Mass Spectrometric Analysis Methods for the Detection of PTMs
Mass spectrometers are powerful, analytical tools that have evolved rapidly over the past few decades to become the instrument of choice for protein and peptide characterization. Mass spectrometry is often used in parallel to other techniques such as western blot analysis or protein microarrays for detecting and quantifying PTMs. One of the main advantages of mass spectrometry is the ability to rapidly analyze many samples in a high-throughput manner. Mass spectrometric analyses can be divided into three main strategies: “bottom-up" “middle-down" and “top-down” proteomic approaches . Laboratories typically employ bottom-up proteomic methodologies to characterize PTMs. Proteins of interest are purified and proteolytically digested with an enzyme such as trypsin, with resultant peptides being separated by reversed-phase chromatography or another analytical method compatible with mass spectro- metric analysis. One of several fragmentation methods and ion detection methodologies can then be employed (see Sections 1.3.1-1.3.4 for description of the various types of bottom-up proteomic analyses). It is common to associate “data-dependent” MS/MS analysis with bottom-up approaches, where resulting peptide spectra are then pieced back together in silico to give an overview of the protein and its PTMs.

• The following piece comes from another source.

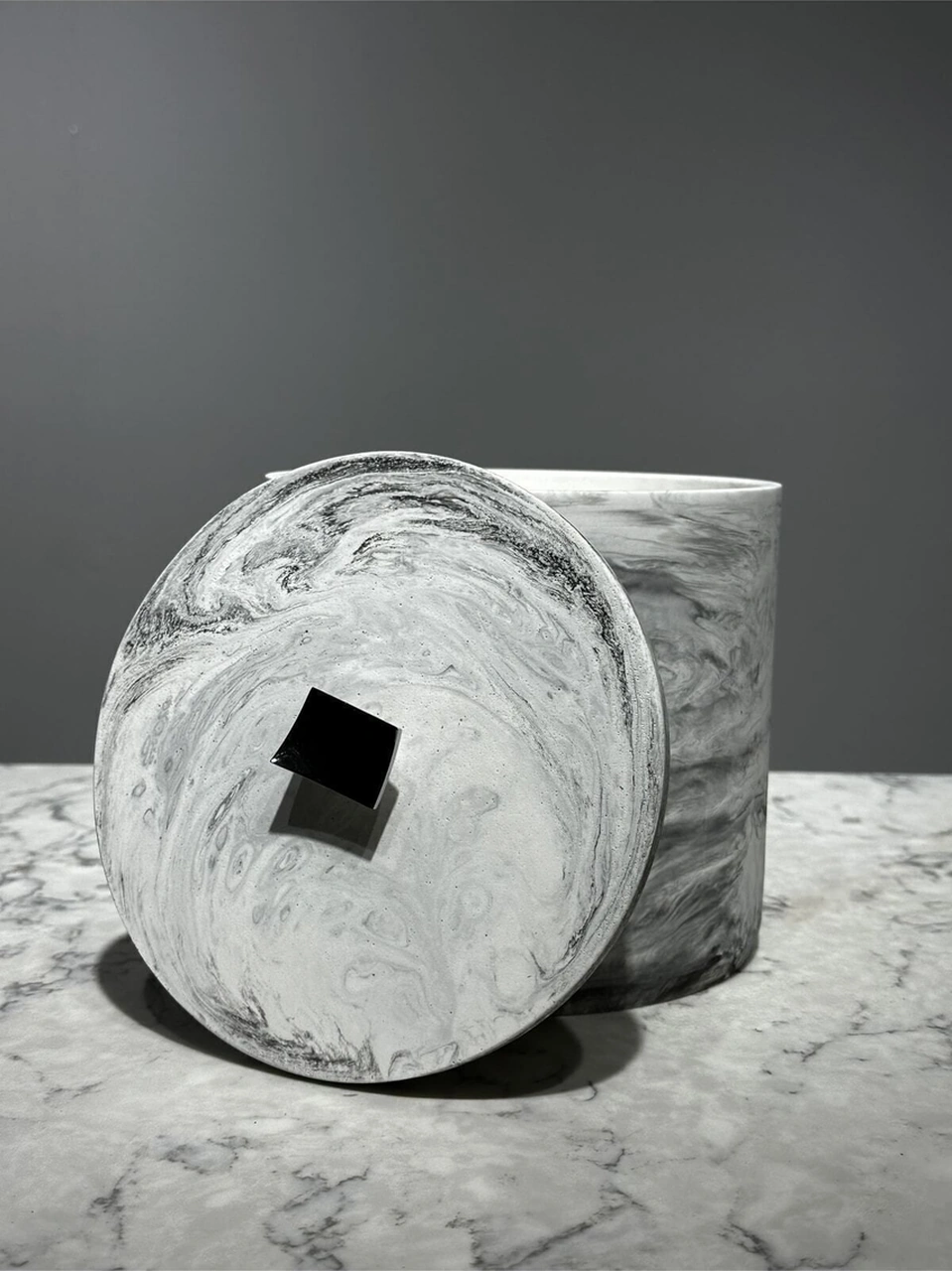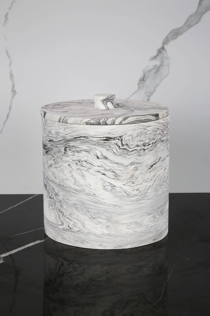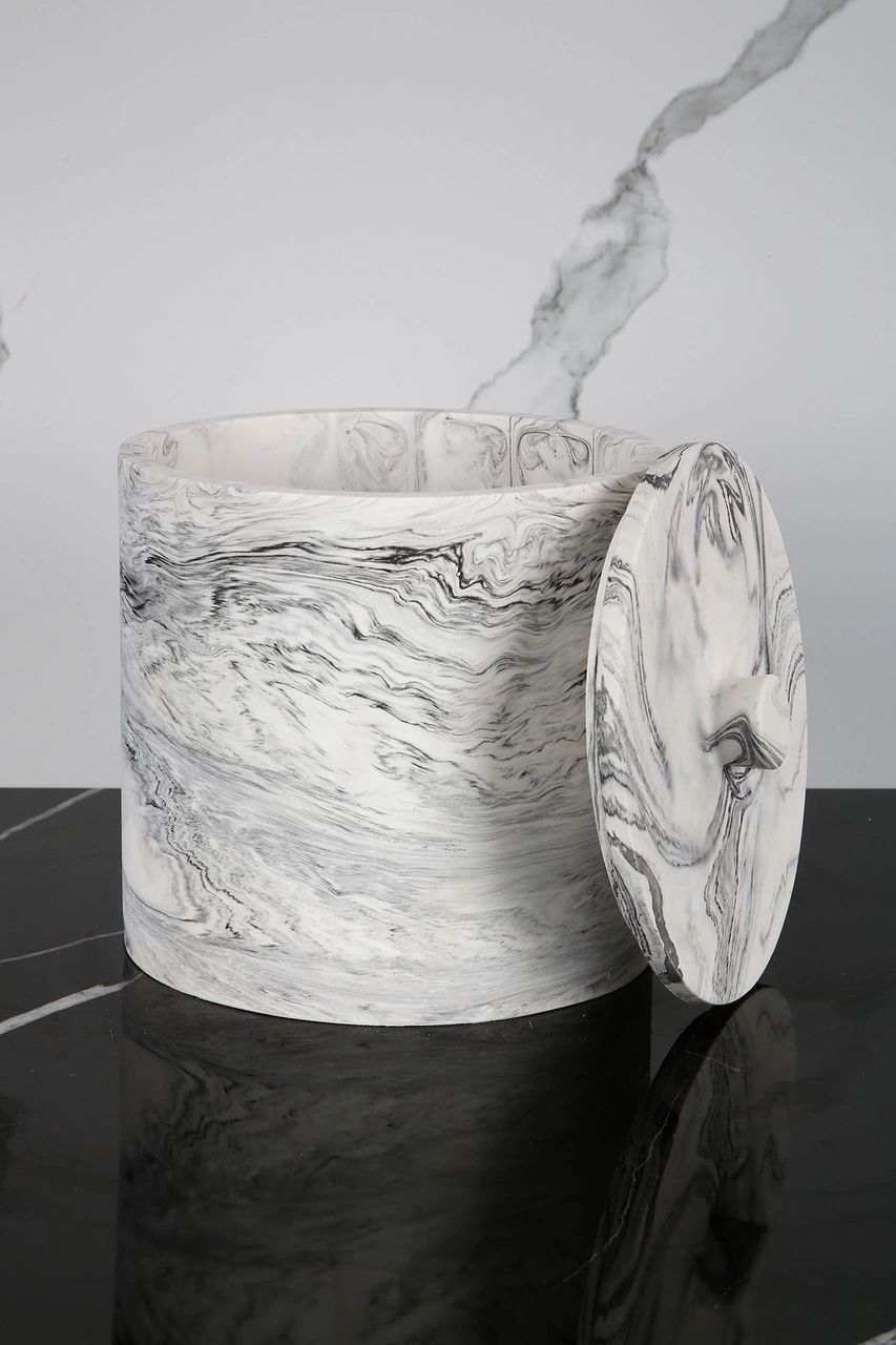 Mermer Desenli Beton Çöp Kovası Banyo Mutfak Tuvalet Wc 18 Cm 4 Litre Gri
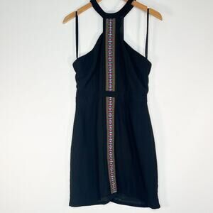 Ladakh for Lulus Sonoma Embroidered Trim Black Halter Sheath Mini Dress

In top-down proteomics, intact protein ions or large protein fragments are subjected to gas-phase fragmentation for MS analysis. Here, a variety of fragmentation mechanisms can be employed to induce dissociation and mass spectrometric analysis of the protein including collision-induced dissociation (CID), electron transfer dissociation (ETD), and electron capture dissociation (ECD) [24-26]. High-resolution mass detectors such as the quadrupole-time of flight (Q-TOF), Fourier transform ion cyclotron resonance (FT-ICR), or orbitrap mass spectrometers are typically employed as the spectra generated from top-down fragmentation tend to be highly charged and therefore difficult to resolve without high-resolution power. Top-down proteomics to date has been a less popular tool for characterizing PTMs than bottom-up analysis. However, it is an invaluable tool in cases where a bottom-up approach would lose contextual information about combinatorial PTM distribution (e.g., in the case of histone PTM analysis ). The middle-down approach has more commonly been employed as a strategy whereby a proteolytic enzyme can be used to generate longer polypeptides from a protein of interest and has shown utility in analyzing complex PTMs such as the histone code [28, 29]. Compared to middle-down and top-down methods, the bottom-up approach often offers better front-end separation of peptides, typically equating to higher sensitivity and selectivity. There are however some limitations to the bottom-up approach including the risk of low sequence coverage, particularly when employing a single proteolytic enzyme such as trypsin where cleavage may result in peptides yielding chemophysical properties with poor analytical attributes, such as size or substandard hydrophobicity.